Does rclone re-send previously sent files, if source files are renamed and/or moved?

jim-collier · September 10, 2019, 9:35am

Again, seems like another simple question that should have an obvious answer, that I can't seem to find a definitive answer for.

Assuming that the file operations are done within the source tree that rclone is copying, if a source file or folder is renamed and/or moved, are the file or folder contents copied all over again to the target, then the old target locations/files deleted? Or is it smart enough to know (e.g. by comparing file content hashes) that the files are the same, and move/rename the old target files/folders to match?

There are a few sync utilities that do this (including a couple of bittorrent-based sync utils and a GUI-only utility named "FreeFileSync").
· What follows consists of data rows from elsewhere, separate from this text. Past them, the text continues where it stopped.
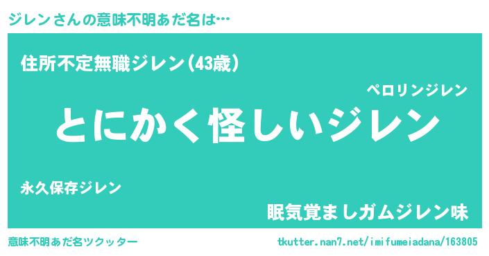 | 欧米人風あだ名 | 『ウサインジレン』『ダレノガレジレン』 |
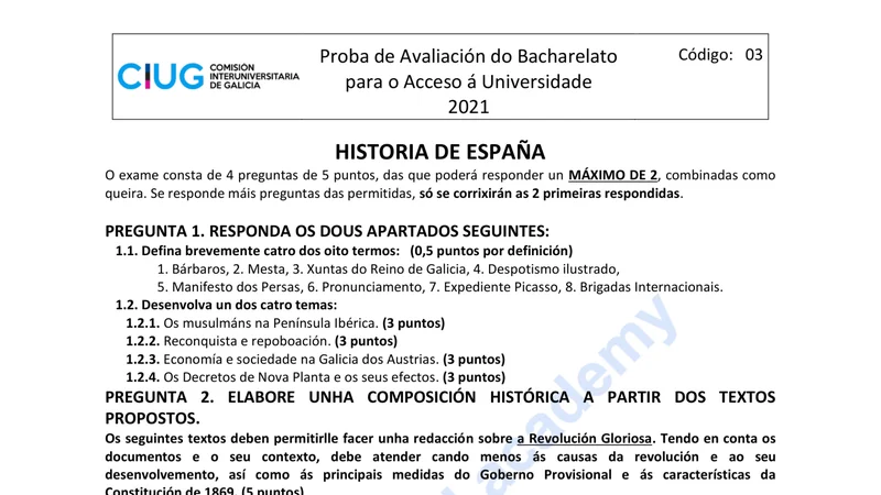 Examen PAU Historia de España selectividad Galicia — Ordinaria 2021
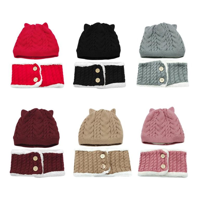 Cappello e scaldacollo lavorati a maglia per bambini con orecchie
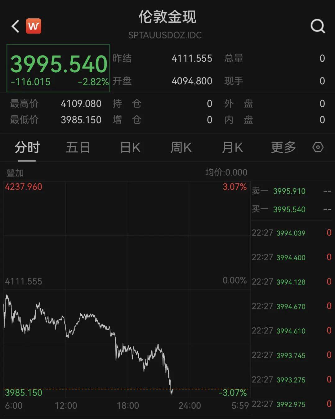 此外,黄金跳水,截至发稿,伦敦金现、COMEX黄金均跌近3%,其中伦敦金现跌破4000美元/盎司。
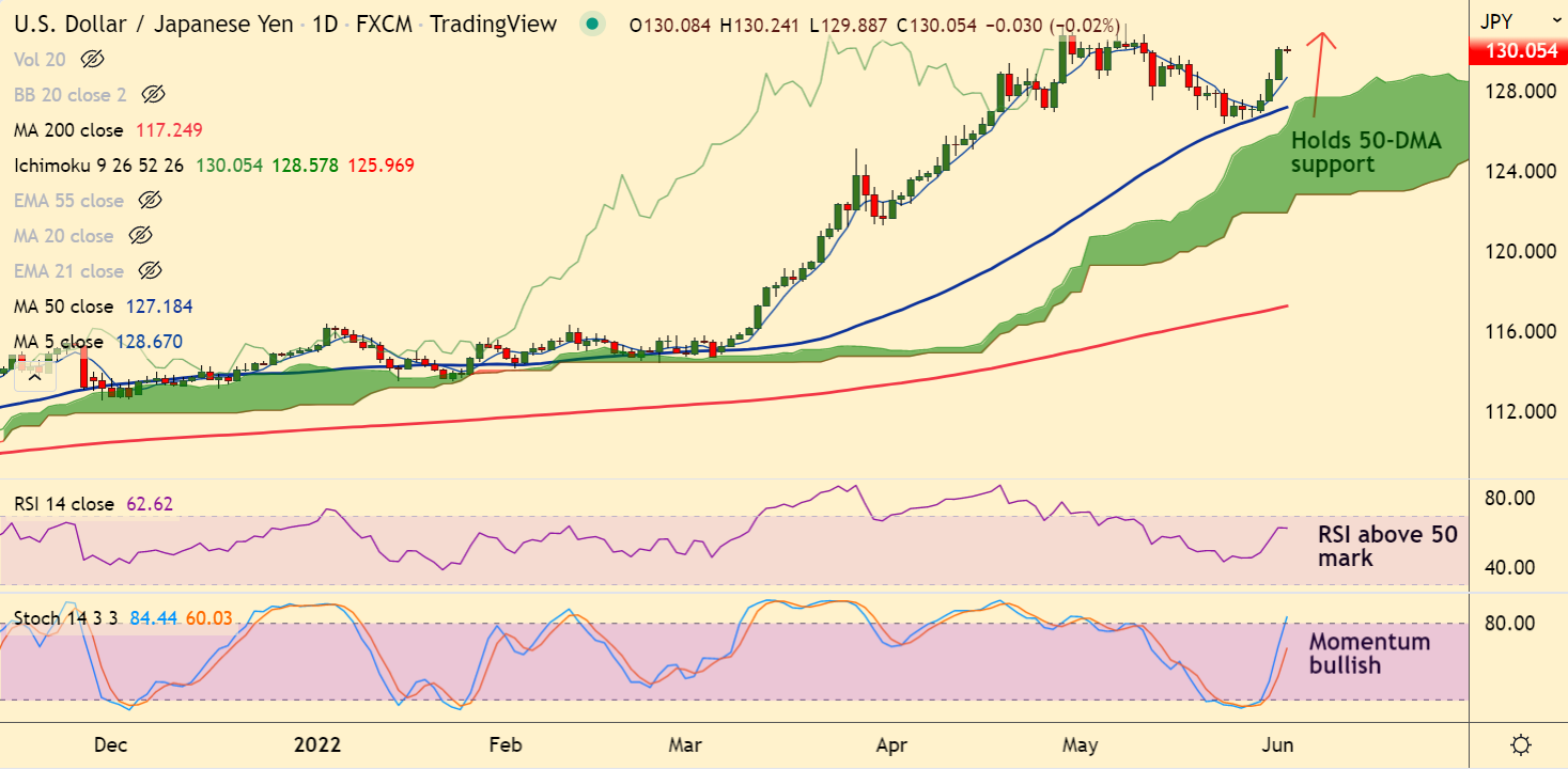 Summary: USD/JPY trades with a bullish technical bias. Pullback has bounced off 50-DMA support. Scope for retest of 131.34 ahead of fresh yearly highs.
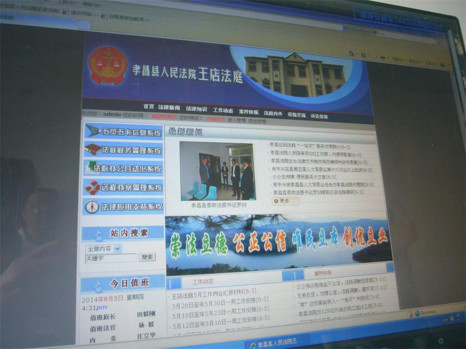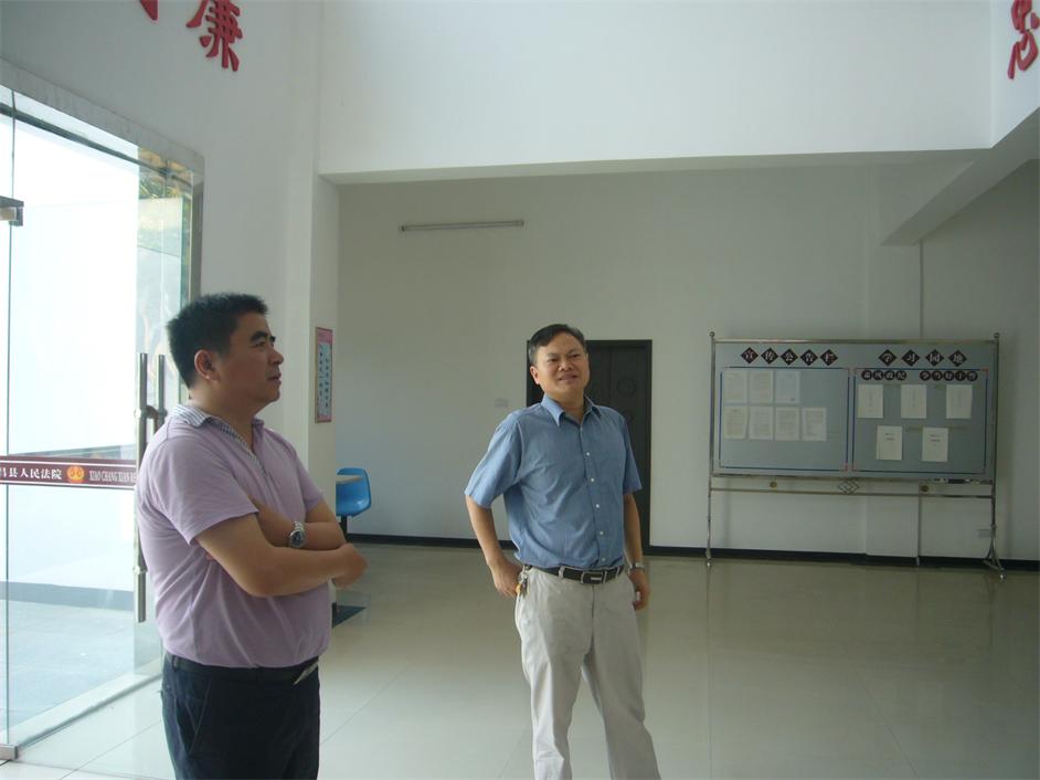 6月5日下午,市中院党组成员、政治处主任郭先文、市政治处副主任陈红元一行到孝昌王店考察示范法庭建设,孝昌法院党组书记、代院长肖中兴、党组成员、副院长李爱国陪同检查,并就孝昌法院人民陪审员、思想政治工作、党的群众路线教育实践活动、法院文化建设,教育培训等方面的开展情况向郭主任作了汇报。
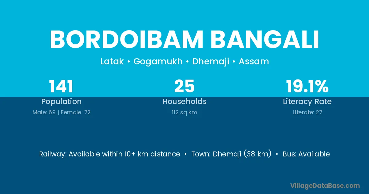 Dhemaji (38 km) is the nearest town to Bordoibam Bangali village for major economic activities and is located approximately 38 km away.
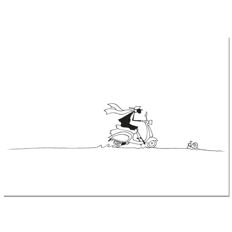 Die Motive für diese Serie zeichne ich mit Spitzfeder und Tusche auf speziellem Zeichenkarton. Dabei versuche ich, die Szene auf ein Minimum zu reduzieren und die Komik der Situation mit möglichst wenigen, klaren Strichen festzuhalten.

Rsync can't really do this, at least not very well, especially for moves or directory renames. It would seem that this could be one of rclone's differentiating features, but I've only found vague references to renamed files, and references to hashes.

What is your rclone version (output from `rclone version`)

(latest)

Which OS you are using and how many bits (eg Windows 7, 64 bit)

Ubuntu 18.04 x64

Which cloud storage system are you using? (eg Google Drive)
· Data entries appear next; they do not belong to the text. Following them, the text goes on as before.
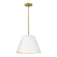 The Ursa Pendant 16" makes a sophisticated statement with its sleek, minimalist form and bold scale. The wide, slightly tapered shade features clean, continuous lines, directing a brilliant and focused light downward. This pendant is thoughtfully designed to provide effective task illumination, making it an ideal choice for a kitchen island, dining nook, or office space. With its ETL dry rating and sloped ceiling compatibility, it offers both functional beauty and versatile appeal. The sleek Matte White and Satin Brass finish combination creates a clean, airy contrast, resulting in a look of enduring style and timeless elegance. This striking collection delivers enduring style and a perfect blend of elegance and simplicity.
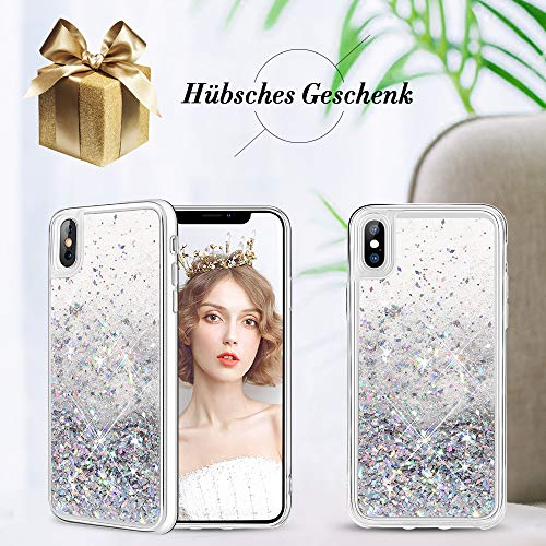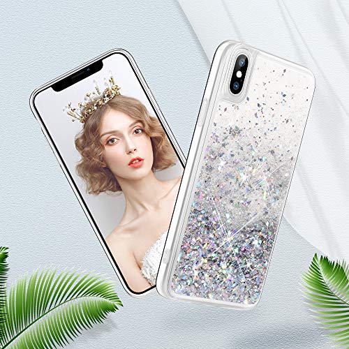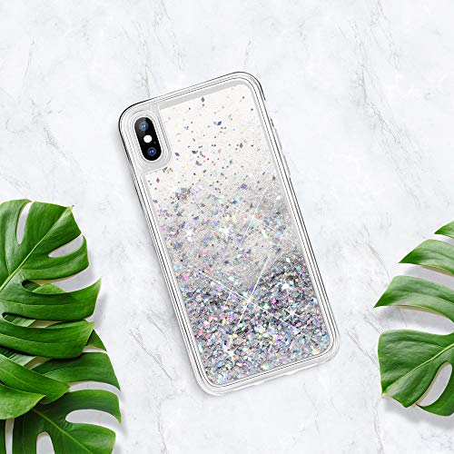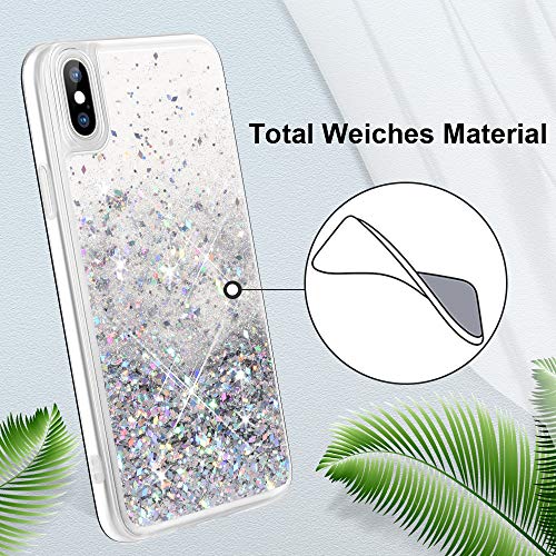 Wlooo Cover per iPhone XS, Cover iPhone XS 5.8, Glitter Bling Liquido Custodia Sparkly Luccichio Pendenza TPU Silicone Protettivo Morbido Brillantini Quicksand Case per iPhone XS/X (Argento)
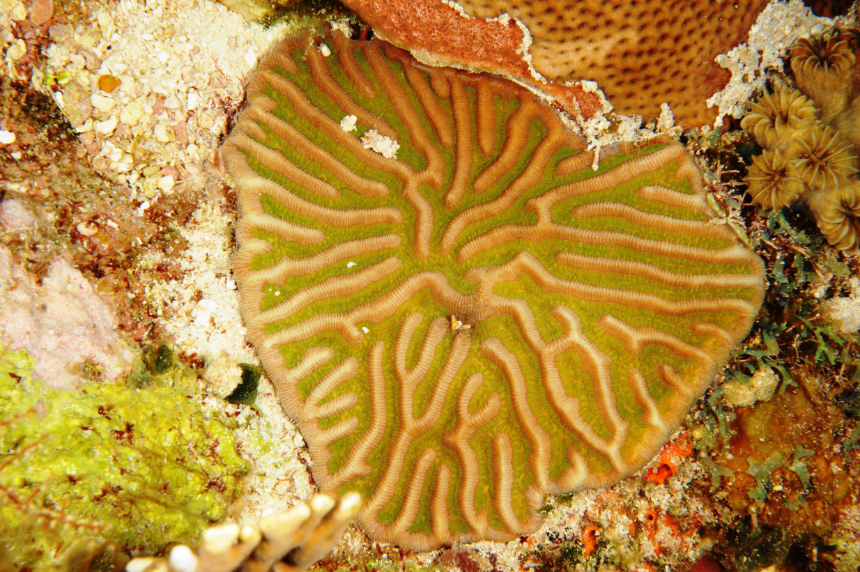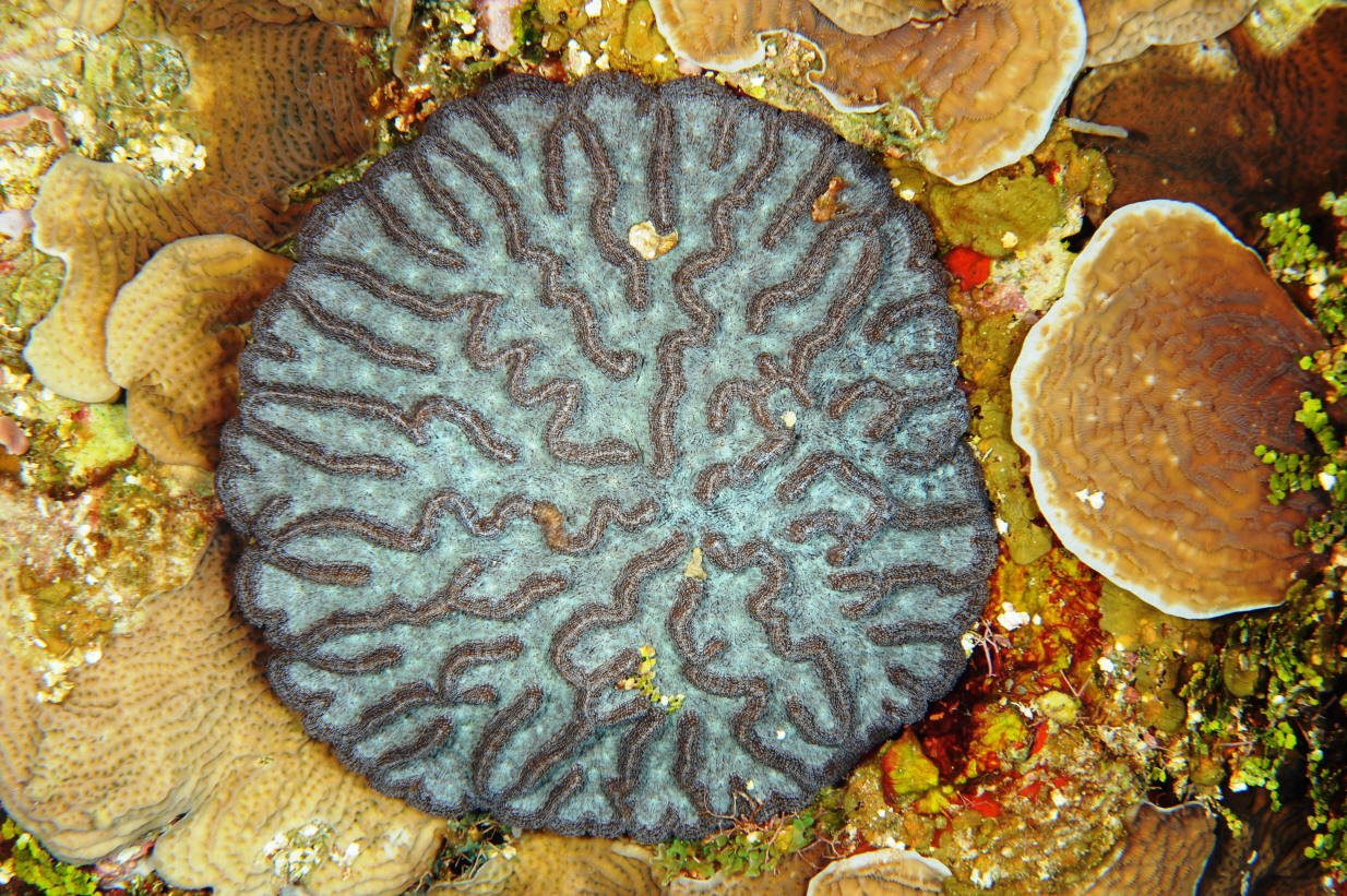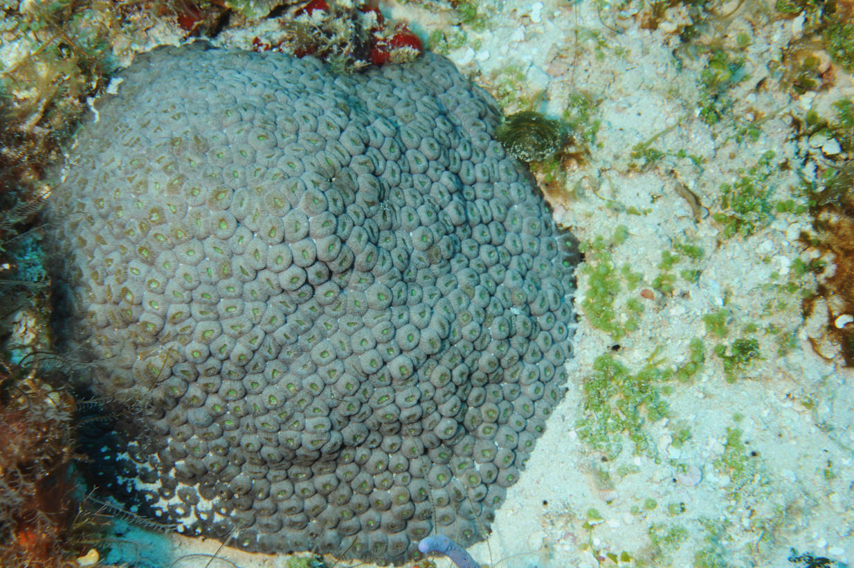 Coral. Colonies as flat plates, mounds, domes. Ridges about edge

Local Linux server, via ssh/sftp

Animosity022 · September 10, 2019, 10:37am

Can you provide a specific example of what you are asking and what remotes you are using? The answer isn't straight forward.

If you run a copy command, it can compare on size / checksums / time or however you want to configure it but it is also dependent on what backend you are using and connecting to as not every backend supports all the same things.
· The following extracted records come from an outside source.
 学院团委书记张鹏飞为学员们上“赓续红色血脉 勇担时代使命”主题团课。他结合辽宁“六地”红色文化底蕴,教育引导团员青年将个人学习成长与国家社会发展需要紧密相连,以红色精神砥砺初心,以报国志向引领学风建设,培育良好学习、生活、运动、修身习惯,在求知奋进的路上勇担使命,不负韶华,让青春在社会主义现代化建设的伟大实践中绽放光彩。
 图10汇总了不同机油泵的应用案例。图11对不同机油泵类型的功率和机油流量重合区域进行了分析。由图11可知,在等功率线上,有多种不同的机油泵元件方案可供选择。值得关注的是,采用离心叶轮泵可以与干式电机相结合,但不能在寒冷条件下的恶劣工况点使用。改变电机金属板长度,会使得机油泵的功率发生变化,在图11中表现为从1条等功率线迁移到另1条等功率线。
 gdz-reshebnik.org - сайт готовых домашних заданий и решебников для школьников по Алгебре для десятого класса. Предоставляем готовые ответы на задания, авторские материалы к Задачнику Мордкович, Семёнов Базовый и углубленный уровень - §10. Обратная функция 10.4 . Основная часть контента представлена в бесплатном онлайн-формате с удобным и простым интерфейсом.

rclone can track-renames as well if you use that flag.

Sync is written up here:

https://rclone.org/commands/rclone_sync/

Copy is written up here:

https://rclone.org/commands/rclone_copy/

rclone is like a huge swiss army knife so the question really is, what is your use case and what are you trying to do and we can help answer that.

jim-collier · September 10, 2019, 6:39pm

Thanks for the reply.

I've read literally every line of the documentation and every page of website and github, and hours of forum posts. I did see the reference to the --track-renames flag, but it's very unclear in the documentation (and other references) if:

...it also "tracks" moves (within the same tree being rclone'd)
...how it "tracks" renames (and/or moves); e.g. does it use some kind of local watcher (seems unlikely)? Or by comparing filesize + [content checksum] on both client and server?

What I'm trying to accomplish, is an exact mirror of local "client" to remote (LAN) "server" exactly as would be accomplished by:

rclone -a --checksum --delete-after /CLIENT/ hostname:/SERVER/

What that does:

My primary objective:
- Makes a bit-for-bit mirror of source, on dest.
Nice bonuses but not the primary goal:
- Does so in an incremental, differential way--only transferring bits that are new.
Huge limitation of rsync (but not really its purpose anyway in spite of such a feature being requested constantly), which is why I'm investigating a few options, most promisingly rclone:
- Do not transfer "new" bits just because a file within the source and target tree changed names or moved to a different folder. This could cause a routine "mirror", which normally takes seconds to minutes, to suddenly consume several days, just because the user was unfortunate enough to rename a folder high in the tree, with many TBs of data underneath.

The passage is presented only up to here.